WORK TO BE COMPLETED — Print exactly the first lines of the records. Stop after the line containing "5月15日午间,北京市顺义区", and leave every picture out.
- - - - -
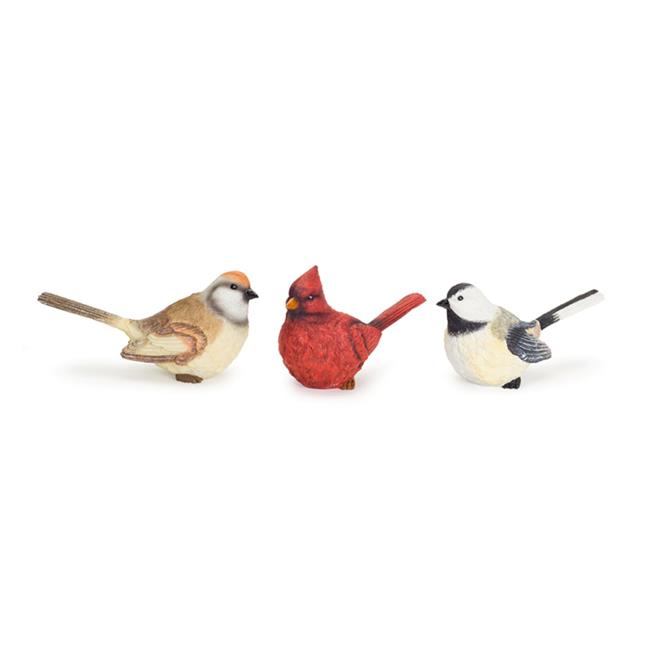 Melrose International 73535DS 4.5 x 3 in. Stone Powder Bird, Red & White - Set of 3
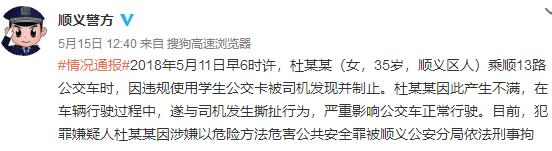 5月15日午间,北京市顺义区警方发布了情况通报。5月11日早6时许,35岁的顺义区女子杜某某在乘顺13路公交车时,因违规使用学生公交卡被司机发现并制止。杜某某因此产生不满,在车辆行驶过程中,遂与司机发生撕扯行为,严重影响公交车正常行驶。目前,犯罪嫌疑人杜某某因涉嫌以危险方法危害公共安全罪被顺义公安分局依法刑事拘留。
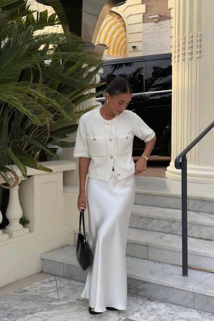 Classic yet fresh, this look combines cozy bouclé texture with the smooth drape of satin. It’s ideal for transitional weather or semi-formal evening events, offering both comfort and polish.
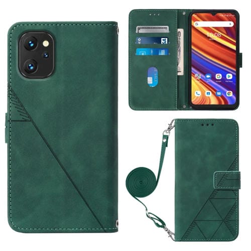 Funda de Cuero para Umidigi Power 7 y Power 7S Crossbody con Tapa en Relieve (Verde Oscuro)
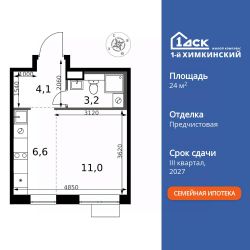 Продаётся квартира-студия номер 250 общей площадью 24.9 кв.м. на 8-м этаже 9 этажного здания. Отделка Whitebox. Цена с учётом скидки.
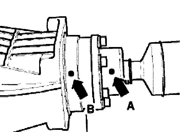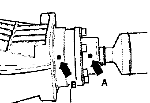 - Check whether there is a factory marking (color marking) on the drive shaft. If not, mark location of driveshaft flange (arrow -A-) to rear final drive (arrow -B-) with color.
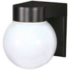 1 Light - 8" - Utility; Wall Mount - With White Glass Globe - Black Finish
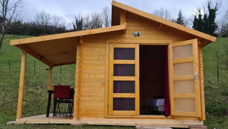 Sheltered terrace with table and chairs, which can also be used to store bicycles. Amenities and water points are just a few steps away, as are a refrigerator, microwave and small oven, available for free use. No electricity.
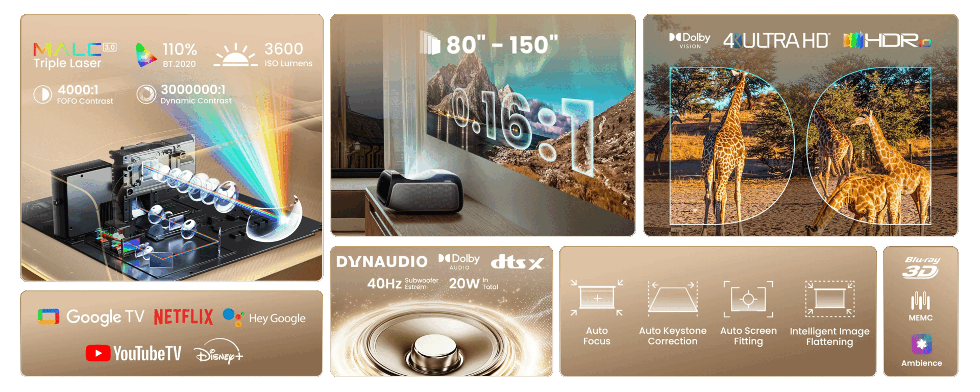 Компания Jmgo внедрила в O2S Ultra свою фирменную трехлазерную систему MALC 3.0, которая, как утверждается, обеспечивает яркое и четкое изображение в формате 4K, покрывая 110% цветового охвата BT.2020. Кроме того, он работает с Google TV из коробки и предлагает доступ к широкому спектру потоковых сервисов, таких как Netflix, YouTube, Amazon Prime, Hulu, Disney+ и др. Кроме того, устройство поддерживает голосовые команды Google Assistant и беспроводное подключение Google Cast через смартфон.
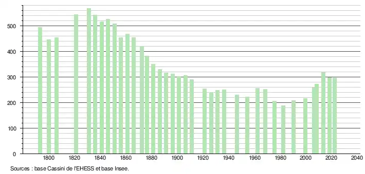 L'évolution du nombre d'habitants est connue à travers les recensements de la population effectués dans la commune depuis 1793. Pour les communes de moins de 10 000 habitants, une enquête de recensement portant sur toute la population est réalisée tous les cinq ans, les populations de référence des années intermédiaires étant quant à elles estimées par interpolation ou extrapolation[35]. Pour la commune, le premier recensement exhaustif entrant dans le cadre du nouveau dispositif a été réalisé en 2008[36].
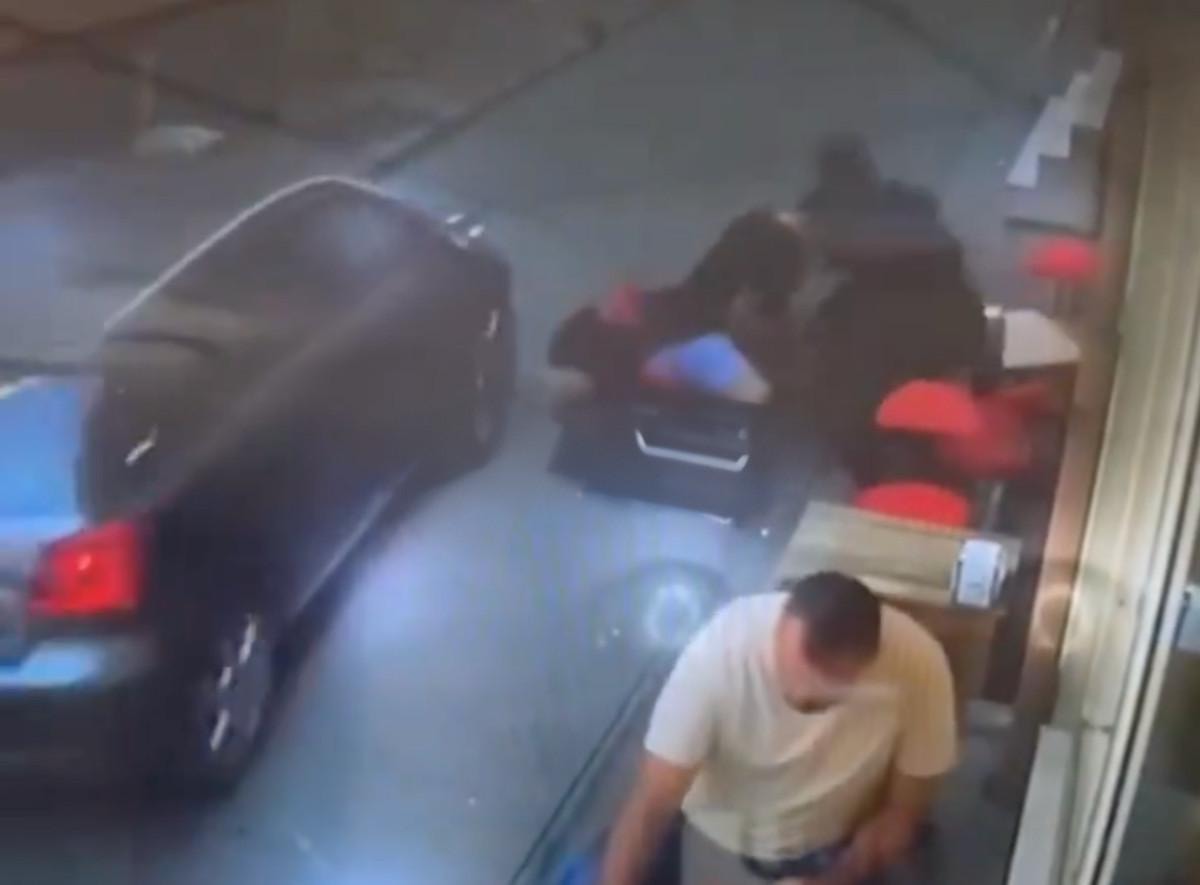 Şahsın başına gelen talihsiz kaza, yemek yediği dükkanın güvenlik kameraları tarafından kaydedildi.
- - - - -
TASK OUTPUT —
 Melrose International 73535DS 4.5 x 3 in. Stone Powder Bird, Red & White - Set of 3
 5月15日午间,北京市顺义区警方发布了情况通报。5月11日早6时许,35岁的顺义区女子杜某某在乘顺13路公交车时,因违规使用学生公交卡被司机发现并制止。杜某某因此产生不满,在车辆行驶过程中,遂与司机发生撕扯行为,严重影响公交车正常行驶。目前,犯罪嫌疑人杜某某因涉嫌以危险方法危害公共安全罪被顺义公安分局依法刑事拘留。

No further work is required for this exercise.